Francia inició, este fin de semana, un intenso bombardeo a los grupos insurgentes islamistas del norte de Mali, el nuevo escenario de la “guerra en contra del terror”. El miedo a que Mali se vuelva un foco de Al Qaeda en el Magreb hizo que el Consejo de Seguridad de la ONU adoptara, en diciembre del año pasado, la Resolución 2071, que autoriza el uso de la fuerza para acabar con la rebelión islamista y permite la intervención militar de la Comunidad Económica de Estados de África Occidental (Ecowas por sus siglas en inglés). Francia, por lo tanto, busca limitar su participación a un bombardeo aéreo, cuyo propósito es preparar el terreno para que los ejércitos africanos de la región entren, en situación de ventaja, a poner los muertos y disputar el territorio.
La caída de la estratégica ciudad de Konna, puerta de entrada para que los salafistas del norte puedan conquistar el sur del país, en el contexto de un ejército maliense dividido y en franca retirada, convenció al gobierno de Hollande de la necesidad de actuar rápido. Si caía Mali, hasta hace poco considerado como un verdadero símbolo de estabilidad democrática africana, varios países vecinos podrían ser los siguientes dominós en tambalear.
Pero el apuro de Hollande es también una señal de que Francia busca protagonismo en este asunto y que no acepta todavía dejar de ser una gran potencia hegemónica en África Occidental. Hollande, entonces, logra revivir momentáneamente a una Françafrique moribunda; el avance de otras potencias –chino en particular– se detiene por un instante.
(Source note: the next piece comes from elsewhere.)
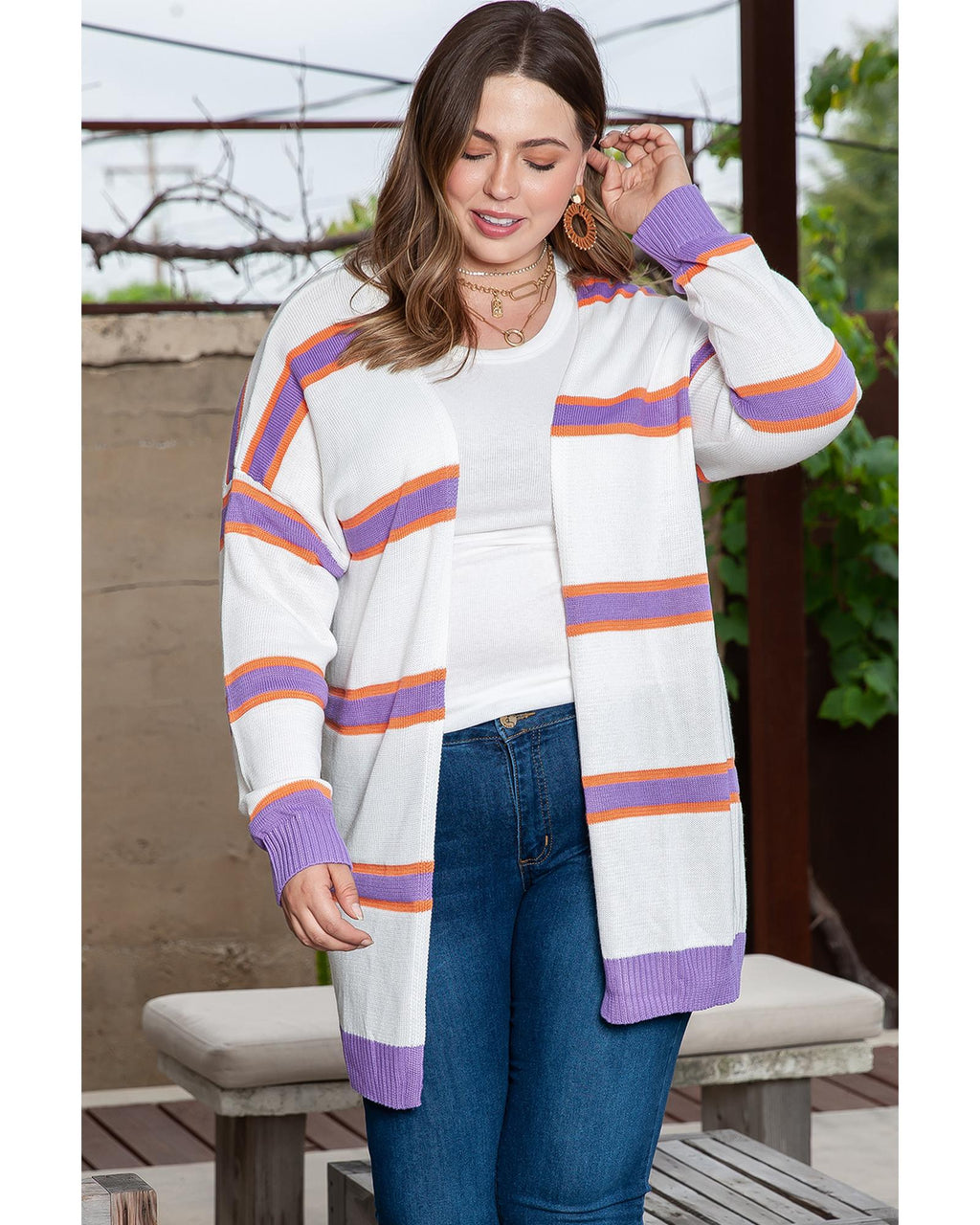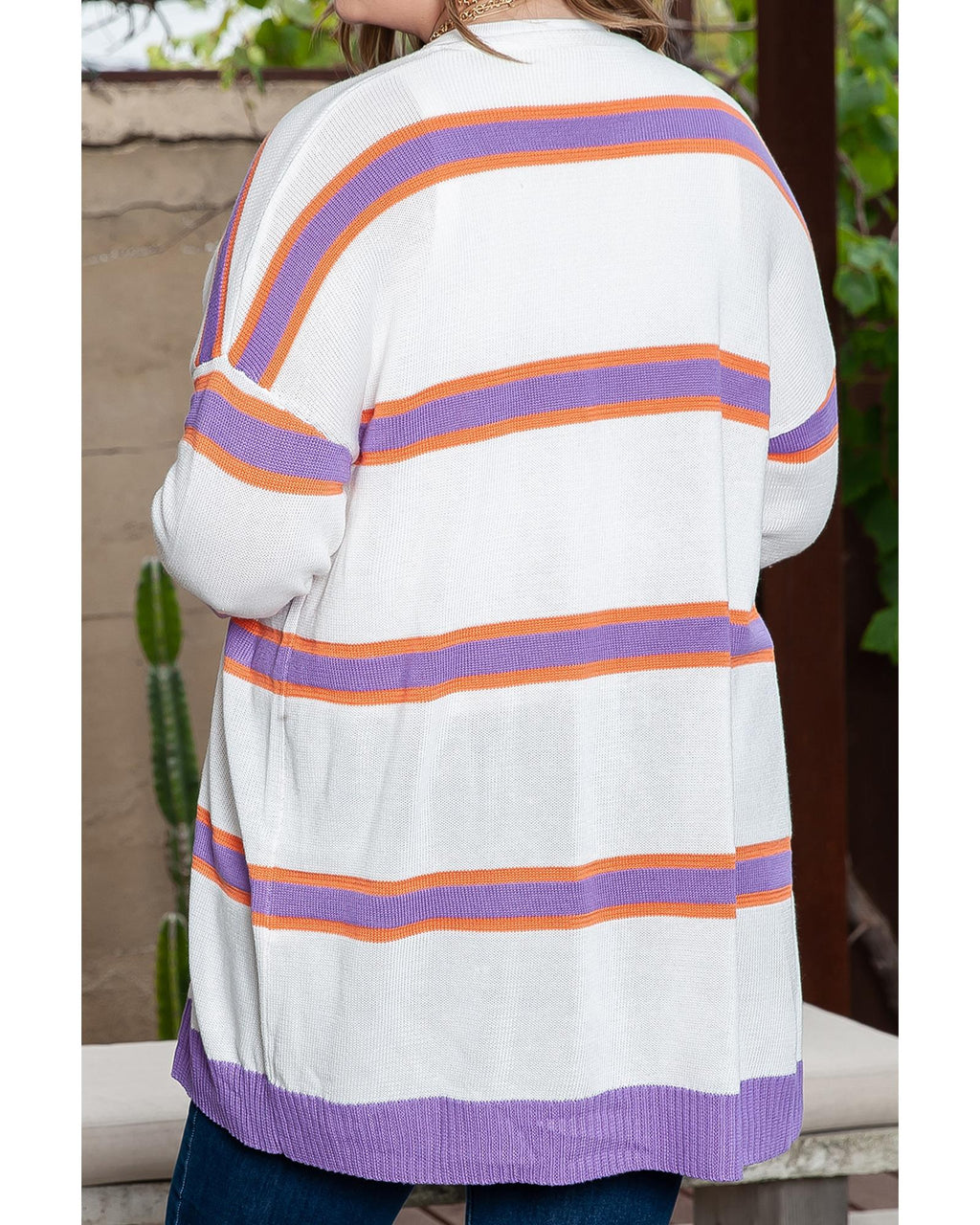 Beige Plus Size Striped Dropped Shoulder Sweater Cardigan - 1X

El tiempo dirá si nos hallamos ante una última chispa de revitalización de predominio francés antes de su ocaso inevitable.
El bombardeo francés en Mali también tiene un contexto político doméstico que no podemos ignorar. Con la vertiginosa caída en popularidad de Hollande desde su elección en mayo del año pasado, la intervención militar en Mali representa un raro momento de consenso político, por lo menos mientras la oposición de derecha siga apoyando el bombardeo.
La polarización nacional en torno a temas como la legalización del matrimonio homosexual y la polémica sobre el alza de los impuestos para las clases más pudientes, en un contexto de crisis sistémica europea, significa que este (no tan sutil) “cambio de tema” y el siempre cohesionador retorno del “peligro islamista” le da un respiro a un gobierno agobiado.
La apuesta de Hollande es audaz y riesgosa. Como en toda incursión militar, su éxito político doméstico dependerá de que el conflicto no se empantane, ni tenga un costo demasiado alto en vidas de soldados franceses, ni conlleve represalias terroristas en el hexágono.
Después de todo, la suerte ya está echada: una vez iniciadas las hostilidades militares, resulta siempre difícil desescalar sin perder credibilidad. Ha nacido una nueva guerra.